In Part 7, we will cover shell scripting — combining commands into automated scripts that do real work without manual intervention.
SSH Configuration and Key Management
SSH key authentication — using a public-private key pair rather than a password — is more secure and more convenient once configured. Generate an SSH key pair with ssh-keygen -t ed25519 -C "your_comment". The private key stays on your machine in ~/.ssh/. The public key is placed on the server in ~/.ssh/authorized_keys. The ~/.ssh/config file on your local machine can define shortcuts for frequently accessed servers:
Host myserver
HostName 203.0.113.10
User ubuntu
IdentityFile ~/.ssh/my_key
Port 22This allows ssh myserver instead of typing the full connection string every time. Always protect your private key — set permissions to 600 (chmod 600 ~/.ssh/id_ed25519) and never share it or commit it to version control.
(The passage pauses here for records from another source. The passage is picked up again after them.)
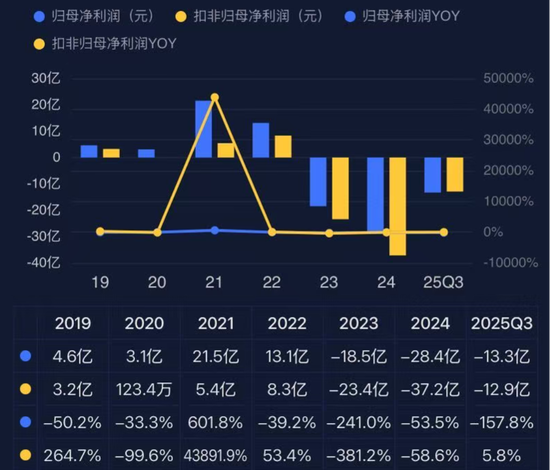 易华录是2011年在深交所上市的,也曾在2021、2022年风光无两,但紧接着便迎来连续3年亏损,目前来看,仅截止2025年三季末,累计亏损便超过了60亿。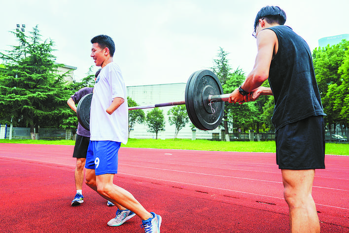 在队友的帮助下,陈翔宇正在做力量训练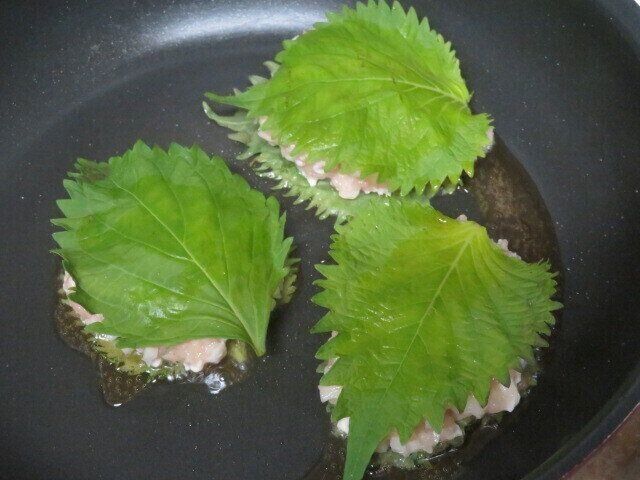 あとは、肉ダネを小判形にして表裏に1枚ずつシソをくっつけ、少ない油で揚げ焼きに。最後にしょう油をひとたらししただけで、おいしく食べられます。

Network Troubleshooting Workflow
When network connectivity fails, work through a systematic approach. First verify local config with ip addr and ip route. Test local network with ping to your gateway IP. Test internet connectivity with ping 8.8.8.8. If that works but hostnames fail, test DNS with dig google.com or nslookup google.com. If the host is reachable but a port is not responding, test with nc -zv hostname 80 or telnet hostname 80. Use traceroute hostname to trace where packets are being dropped. Use ss -tulnp to see all listening services on the local machine — useful for verifying that a service is actually bound to the expected port.
Practice Exercise
Use ss -tulnp to list all listening services. Identify three services by their port numbers. Use curl -I https://google.com to make an HTTP request and examine response headers. Practice the full troubleshooting workflow: check IP, check routing, ping gateway, ping internet IP, test DNS. If you have a cloud VM, set up SSH key authentication — copy your public key to ~/.ssh/authorized_keys on the server and verify passwordless login works before disabling password authentication.
Linux in Your Daily Engineering Practice
Linux command-line proficiency is not something you learn once and then stop improving. It is a skill that deepens continuously as you encounter new tools, new use cases, and new problems to solve. The engineers who are most effective at the command line did not become that way by reading comprehensive guides — they became that way by spending years solving real problems at the terminal, gradually accumulating a toolkit of commands, aliases, scripts, and muscle memory. The best approach is to use Linux for real work as much as possible, to look up better ways to do things you already do, and to make note of efficient patterns you observe in others' work. Over time, the terminal becomes faster than any GUI for the tasks you do repeatedly.